## P.2 Linear Models and Rates of Change

### The Slope of a Line

Rise over run. Average rate of change. Change in $y$ over change in $x$. $Δy/Δx$. $(f(a)−f(b))/(a−b)$.

Slope is a popular topic in calculus, despite being introduced back in Algebra I. Make sure you know how to find it, and that you need two points in order to do so.

### Equations of Lines

You’ve been shown a lot of different forms lines, but we only care about one in this class. Point-slope form.

\[y−y_1=m(x−x_1)\]

It gets ignored a lot in earlier math, but it’s the easiest to use because all you need is the slope and a single point. And typically, if you have the slope, you have two points to choose from. You can then take point-slope form and rearrange it as necessary.

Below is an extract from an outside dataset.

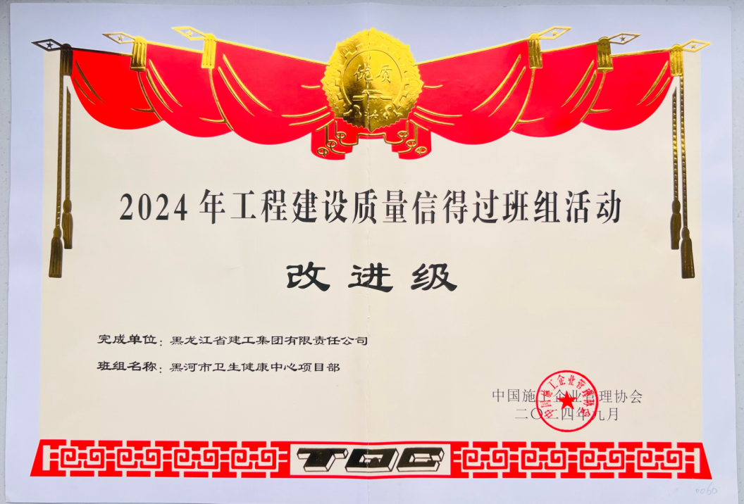 黑河市衛(wèi)生健康中心項(xiàng)目部2024年工程建設(shè)質(zhì)量信得過班組活動(dòng)改進(jìn)級(jí)

Quick example, say you are given some line that has a slope of 3 and a point of $(1,−2)$. What would the equation be?

\[y−(−2)=3(x−1)\]

And if you wanted slope-intercept form

\[\begin{align*}
y+2&=3x-3 \\
y&=3x−5
\end{align*}\]

### Ratios and Rates of Change

Since slope is a ratio, it’s handy for real-world applications as well. The population of Utah was 2,427,000 in 2005 and 3,161,000 in 2018. Treating time as $x$, which is customary, our change in population over change in time would give us the average rate of change, which would be a growth of 56,462 people per year.

Keep in mind that the actual population growth was likely not linear. We’re just treating it that way to come up with an average.

### Parallel and Perpendicular Lines

Parallel lines have an equal slope. Perpendicular lines have opposite reciprocal slopes. If one line has a slope of $2/3$, a line perpendicular would have a slope of $−2/3$.